*Directions*
In the records below, find the line that contains "Lowongan Kerja Avita". Retype that line and all the lines after it through the end, leaving out the pictures.
▽
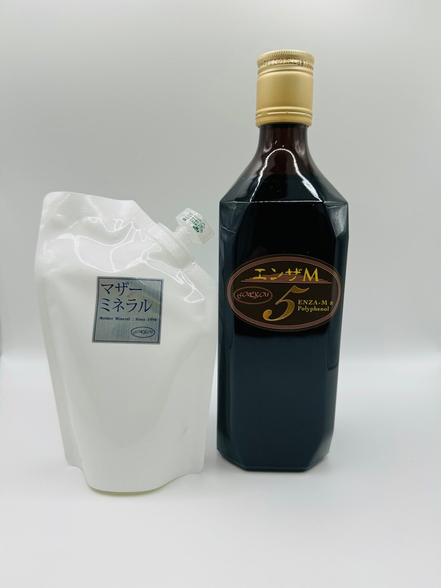 新春企画3番セット(エンザM5とミネラル) 12/9~1/30迄購入で ミネラル150gプレゼント! 3番セット(2点)14,494円購入 ・エンザM・・・・・11286円 ・マザーミネラル150g・・3208円ご購入で! ご注意:クレジットカード決済、キャリア決済、Pay ID のみとなります。 ◎エンザM5とミネラルのセットです。 エンザM5 ■1日目安約18㏄ 水で4~5倍に薄めてお飲みください。 マザーミネラル ■水500mlに2スポイドのマザーミネラルを入れ、1日3本(1500ml)を目標にお試しください。 (お水はきららの石で出来たまろやかなお水がオススメです。)
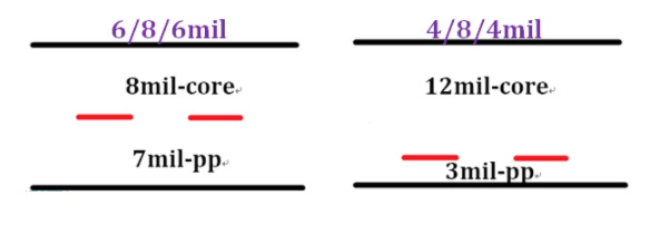 这两种叠层有什么不一样吗?不就是用不一样的PP和CORE来凑够厚度吗?如果你们算阻抗的话,你就会发现它们最大的区别了。
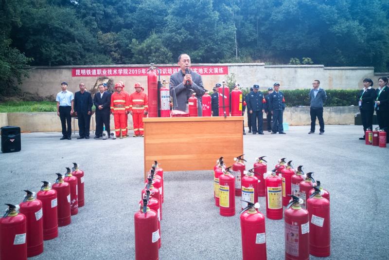 为认真贯彻落实云南省教育厅、昆明市教育体育局“关于认真开展“119消防宣传月”系列活动的通知精神。进一步提升师生消防安全意识和应急技能,不断推进学院的消防安全管理,全面预防火灾事故的发生,在第二十七个“119消防宣传日”到来之际,11月8上午,学院举办2019年消防知识培训暨实地灭火演练活动。
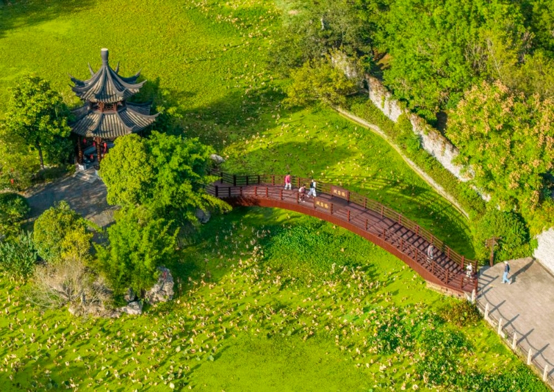 这是10月23日拍摄的江苏南京莫愁湖公园秋景(无人机照片)。 新华社发(杨素平 摄)
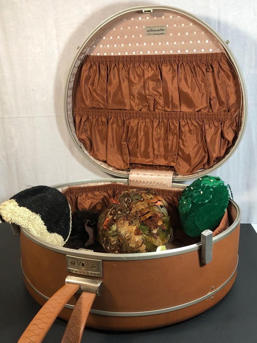 LOT 146M: Silhouette Hat Box Style 1640 by Samsonite w/ Vintage Fascinators
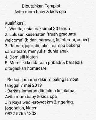 Lowongan Kerja Avita Mom baby & Kids Spa Mei 2019 - Terapist - Klaten
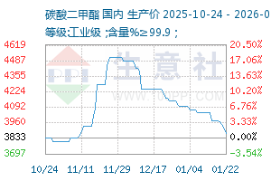 行情综述:价格持续下行 据生意社商品行情分析系统监测,截至1月16日,国内工业级碳酸二甲酯均价为3...[详细]
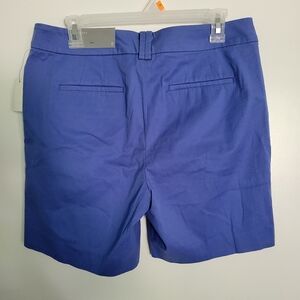 NWT Women's Talbots Blue 7" Chino Shorts Side Buttons Size 8 Cotton
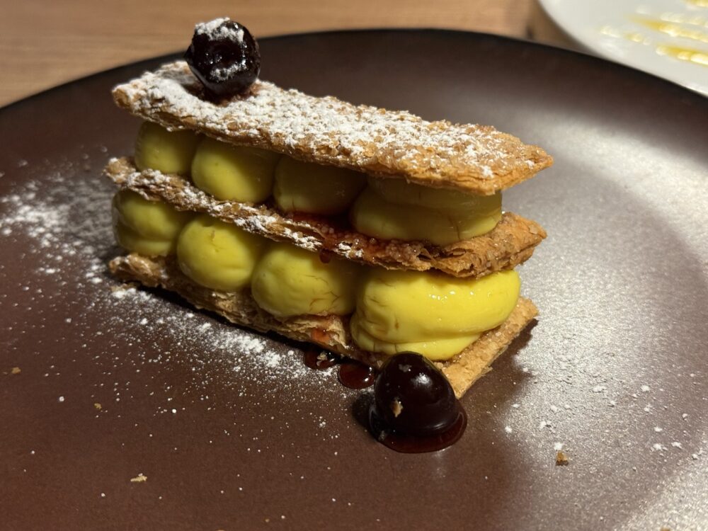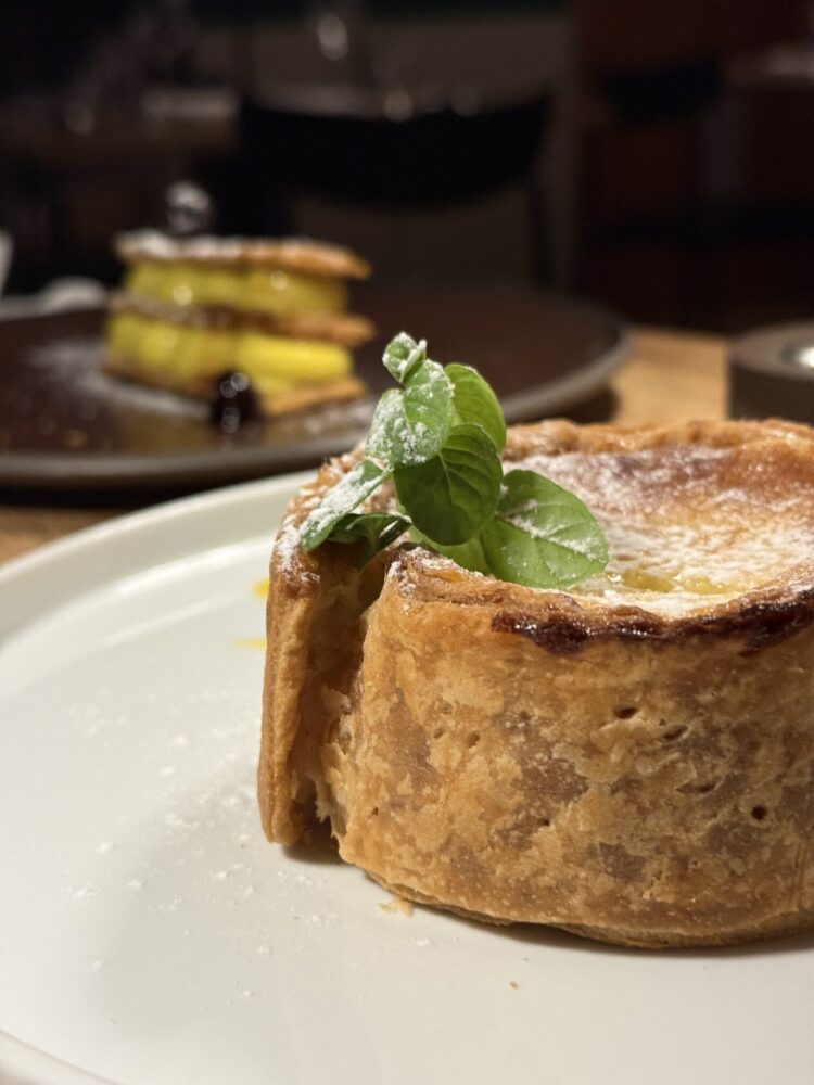 La parte dolce è tutt’altro che accessoria. La Tarte Tatin di mela annurca con caramello salato e gelato alla cannella e il Flan alla vaniglia con salsa al mandarino dei Campi Flegrei mostrano una pasticceria precisa, fondata su tecniche complete e su un’idea chiara di pulizia. La degustazione di formaggi con pane al cacao e rum aggiunge un tassello raro nella proposta del territorio.
△
*Exercise answer*
 Lowongan Kerja Avita Mom baby & Kids Spa Mei 2019 - Terapist - Klaten
 行情综述:价格持续下行 据生意社商品行情分析系统监测,截至1月16日,国内工业级碳酸二甲酯均价为3...[详细]
 NWT Women's Talbots Blue 7" Chino Shorts Side Buttons Size 8 Cotton
 La parte dolce è tutt’altro che accessoria. La Tarte Tatin di mela annurca con caramello salato e gelato alla cannella e il Flan alla vaniglia con salsa al mandarino dei Campi Flegrei mostrano una pasticceria precisa, fondata su tecniche complete e su un’idea chiara di pulizia. La degustazione di formaggi con pane al cacao e rum aggiunge un tassello raro nella proposta del territorio.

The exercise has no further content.